Trigger warning, rape and gruesome details about the deaths of women.

Picture this, you, a woman, taken ill at 4. a.m so you decide to call a taxi to take you to the nearest hospital. You don’t make it to the hospital. Instead, you go missing for 6 days before your body is found at the city mortuary, a wound on the forehead, another on the cheek, a cut on your abdomen and fractured legs. Can you see it clearly in your head? Looks and sounds like a crime television series or a hurriedly written crime novel.

Let’s take our imagination a notch higher. This is still you, young, full of life, expectant, probably excited to meet your new baby then one night while in your house with your husband, your neighbours hear you scream for help. You are definitely in pain. You scream and say that he is killing you. You proceed to scream for help for exactly four hours…you, pregnant, being beaten to a pulp, screaming for four hours. Absolutely no help. So you die. Your autopsy says the cause of death is strangulation. Hmm, it probably still sounds fictional, no? I mean, who would beat up an expectant woman?

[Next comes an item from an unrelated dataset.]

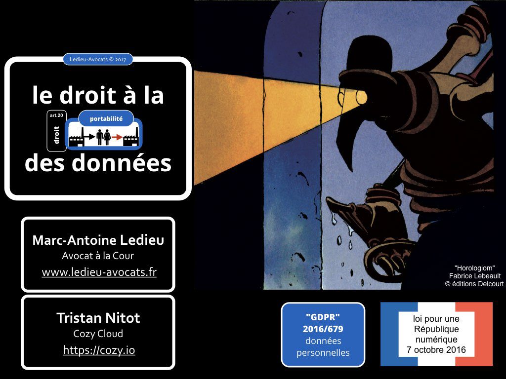 L’originalité de l’étude de ce droit à portabilité des données [personnelles] consiste à voir d’abord les dispositions spécifiques de la GDPR, puis celles de la Loi pour une République numérique du 7 octobre 2017. Dans les deux cas, le dispositif légal est applicable à compter du 25 mai 2018.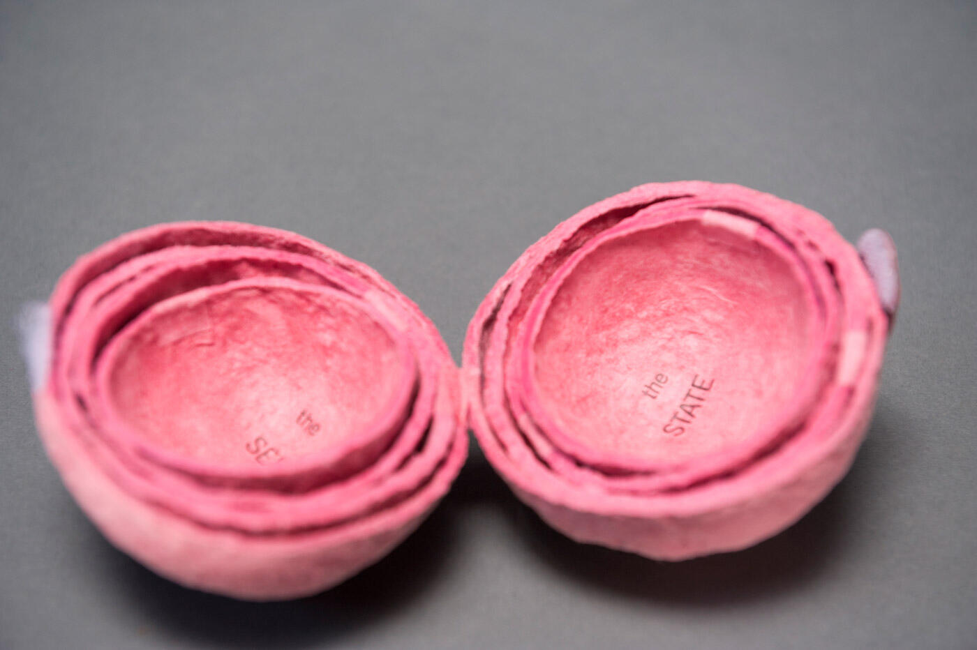 “Necessary Disclosures” is a sculptural artists’ book that “investigates the relationship between the way we interact as individuals and the way we interact as nation-states,” according to the Women’s Studio Workshop.

Okay, still with me? Last one. We are an imaginative lot, aren’t we? You, in your twenties and expecting the governor’s child, definitely excited, in love even. You are lured to a meeting and the next thing we know is your body is found in a thicket, stabbed in the neck, back and abdomen and, according to the post-mortem, bled to death. Your unborn child also stabbed through the spine and the knife exiting through the stomach. I know. It sounds like it’s straight from one of Stephen King’s horror novels.

I wish it was. I wish with all my heart it was fictional and false. I wish all these stories were from crime tv series or from books. These stories are real. These deaths actually happened. Before I type any further, I will say their names.

Mildred Odira.

Beryl Ouma.

Sharon Otieno.

I will also speak for the big number of Kenyan women who have died preventable deaths. This year alone, statistics from Counting Dead Women Kenya-2019, an organization that does the incredibly difficult work of collating the number and stories of Kenyan women who are killed through violence reported that 21 women have been brutally murdered so far. All the women were killed between 2ndJanuary and 25th February. These are the only reported deaths. I get livid when I think of all the unreported deaths of women who have died previously before 2019. Every few hours a woman in Kenya is killed. From these stories, it’s clear that a large percentage of perpetrators are people they know, people who live with them at home.

And this is the reason why I and other women will march.

We march because these women’s stories are important and deserve to be told.

We march because we want to say their names.

We march because our slain sisters did not deserve to die such preventable deaths.

We march because these women were black like us, mothers like us; Kenyans like us, young like us, old like us, human like us.

We march because we want our demands to be tabled with the government and a National Action Plan against Femicide and Violence against women be developed.

We march for the future generation of women and girls who will not have to wonder when, how and at what point they lost their voices.

We march because we want to be assured of our safety when we get into a taxi.

We stand in solidarity with the slain women because we want to date and have partners without constantly being scared that we will become the next statistics of intimate partner violence.

We march because we want Kenyan women to feel safe in their country. At the moment, we are unsafe and it’s a problem no one is willing to talk about.

We march because we want Kenyans to have an open and honest conversation about violence against women. We do not want Kenyans to hide behind excuses like “she was procuring an abortion so she deserved to die” or “She was immoral and deserved her fate”…speak honestly and say that as a nation we are not concerned about these deaths.

We refuse to be silenced. We will raise our voices; shake these tables until someone listens.

Stop killing us!

The writer is organizing the #TotalShutdownKe protest in Nairobi on 8th March 2019 against Femicide and Violence against Women.